Ron Paul is the first politician to get a national audience in favor of limited government since Grover Cleveland. Paul is the first politician to offer a systematic, integrated, Constitutional case for shrinking the Federal government. In the 1950s, Sen. Robert A. Taft and Congressman Howard Buffett of Omaha were articulate defenders of a government somewhat like that which is defended by Ron Paul. But Buffett was unknown, and Taft was a compromiser. Taft's voting record always testified against his ideological defense of freedom. Ron Paul's voting record is consistent with his ideology. That was also true of Howard Buffett, but nobody knew who Howard Buffett was. They know who Ron Paul is.

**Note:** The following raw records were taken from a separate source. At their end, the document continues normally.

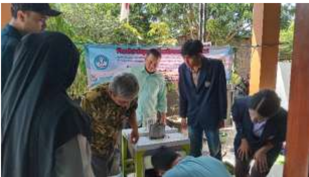
Gambar Diseminasi TTG Keripik Pisang

Diseminasi TTG Keripik Pisang di mulai melalui perancangan TTG. Rancangan TTG ini sudah tersedia sebelumnya oleh Agus Dharmawan, dkk(5) dan Aristyanto, dkk (6) namun dikarenakan kurang luasnya ruangan dan lokasi yang tidak memungkinkan, tim pelaksana mendesain ulang dengan cara kerja sedikit berbeda dan dengan ukuran yang lebih ringkas namun tetap ergonomis. Desain ini kemudian diserahkan kepada pengembang TTG selaku rekanan. TTG Keripik Pisang menggunakan bahan stainless stell yang aman untuk makanan (foodgrade), dan memiliki ketahanan panas yang sama dengan baja. Hal ini penting agar kualitas rasa keripik pisang yang dihasilkan sama dengan sebelumnya. TTG ini memiliki dimensi 85x50x95 cm dengan kapasitas 20 - 25 kg/jam hasil rajang menggunakan daya listrik 350 watt. Dengan menggunakan TTG ini kapasitas produksi akan meningkat hingga 4 kali lipat di mana sebelumnya menggunakan dengan manual.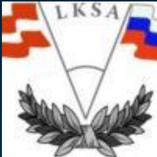
Латвийско-Российская Ассоциация сотрудничества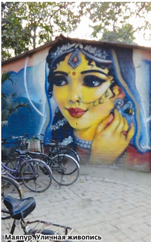
Маяпур. Уличная живопись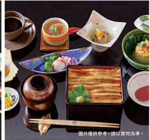
圖片僅供參考，請以實物為準。

81折 旅展價 季節懷石雙人午餐套餐 NT$ 4,400 (原價 NT$5,456)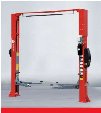
QJ-Y-2-45KC TTwo-post Clear floor Lift (Electric Unlocking)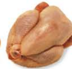
la carne e il pollame hús- és hentesáru

Compared to where Ron Paul was when I worked for him in 1976, this is a whole new ball game. It is a new ball game because of the Internet. Ron Paul and Matt Drudge are the supreme representatives of the threat posed by the Internet to every Establishment on earth. Matt Drudge was able to get a President impeached. Ron Paul was able to get the slogan "End the Fed" in front of hundreds of thousands and maybe millions of Americans. This could not have been possible without the Internet.

In my view, this is the greatest single irony in the history of big government. The Internet was developed by the U.S. Army in order to decentralize communications because of the threat of an atomic attack. It was the expansion of the military that made possible the development of the technological infrastructure which, more than any other invention in the history of man, now poses a threat to every Establishment in the world. This development has enabled the members of hard-core fringe groups to communicate with each other, and to get out the message that they most love: the incompetence and malevolence of the Establishment. It doesn't matter which Establishment we are talking about; every Establishment now has an unorganized but orderly audience dedicated to its overthrow....

We are on the cusp of a political transformation. The technology is on our side. The communications system is on our side. Articulate and even inarticulate critics of the existing political system have the ability to spread their message of discontent as never before in the history of man. The fundamental political fact of our era is an escalating crisis in legitimacy for the Establishment.